ハイパーブリッジで約4億円相当の不正流出、初期報告から被害額が約10倍に拡大

補償計画も発表

クロスチェーンブリッジプロトコルのハイパーブリッジ（Hyperbridge）は16日、4月13日に発生したトークンゲートウェイ（Token Gateway）へのハッキング被害額を、当初の約23万7,000ドル（約3,770万円）から約250万ドル（約4億円）へと上方修正した。 被害は当初イーサリアム（ETH）上のみとみられていたが、その後の調査でマルチチェーンへの拡大が判明した。

攻撃者はハイパーブリッジの証明検証コントラクトに存在した入力バリデーションの欠落を悪用し、4月13日午前3時55分（UTC）に単一のアトミックトランザクションで10億枚の裏付けなきDOTトークンをイーサリアム上でミントし、約245ETHを引き出した。

今回の被害額修正は、当初の計算に含まれていなかったイーサリアム・Base・BNBチェーン・アービトラム上のインセンティブプールの損失を反映したもので、攻撃は二段階に分けて実行されたとチームは説明している。

ハイパーブリッジは盗まれた資金の大部分をオンチェーン上で追跡し、バイナンスへの送金を確認した。現在、バイナンスのコンプライアンス部門および法執行機関と協力して回収作業を進めているが、同種の事案では資産回収に数か月から最長1年程度かかる見通しも示している。

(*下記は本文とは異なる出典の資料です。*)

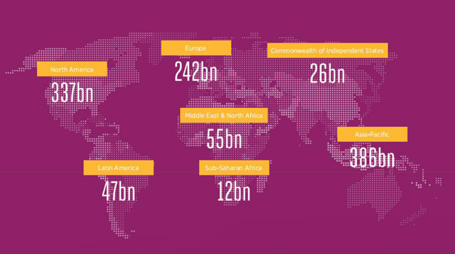 图:2025年全球不同区域的物联网收入。数据来源:GSMA Intelligence。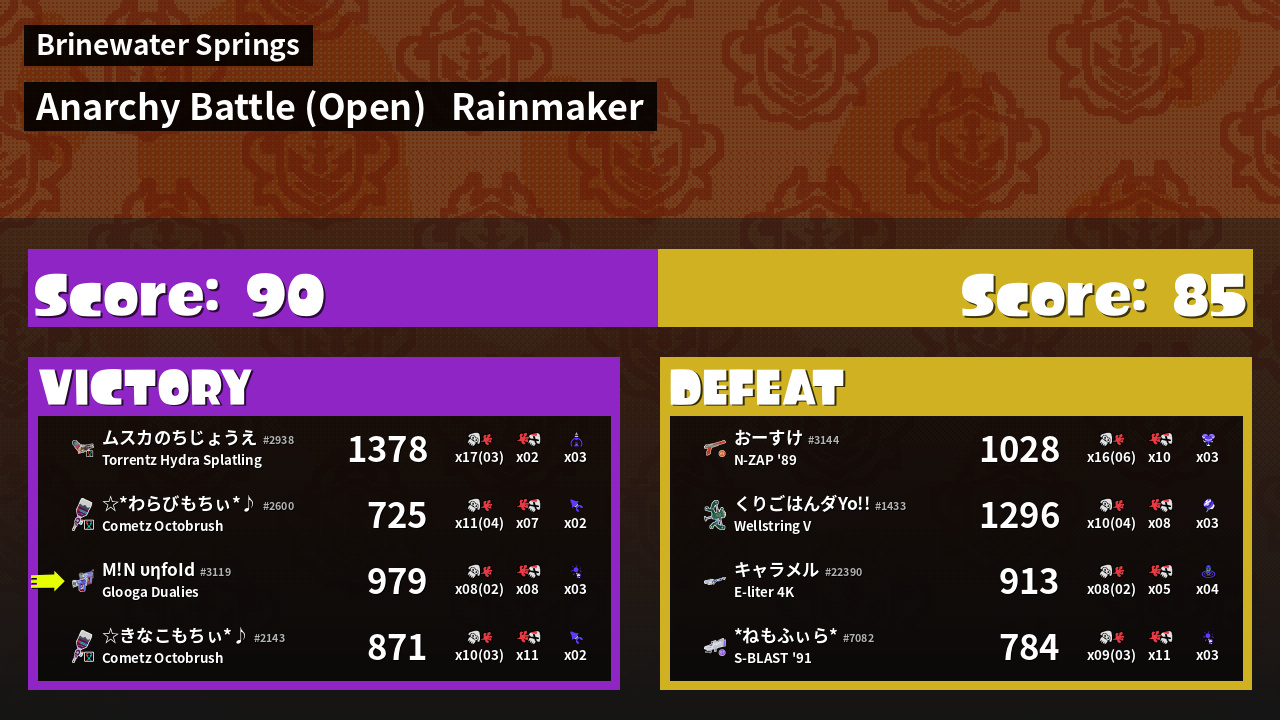 | Mode | Rainmaker - Anarchy Battle (Open) | ||

回収が不十分に終わった場合に備え、ハイパーブリッジはネイティブトークンのBRIDGEを用いた残余損失の補填を約束しており、エクスプロイト発生から1年後の2027年4月13日を目処に補償の構造的な配布を実施する計画だ。

またエンジニアチームは今回の悪用を招いた検証ロジックを対象としたパッチの最終調整を進めており、同種の脆弱性クラス全体に対処する修正を設計中だとしている。

クロスチェーンブリッジは、送金先チェーン上のトークンコントラクトに対して管理者レベルの権限を保持する構造上、単一の検証ミスが無制限のトークン発行を可能にするリスクを抱えており、業界における最も脆弱な構成要素として繰り返し問題視されてきた。

ハイパーブリッジはマルチシグを排したプルーフベースの設計を掲げていただけに、今回の事案はプロトコル実装レベルの検証体制を改めて問い直す契機となっている。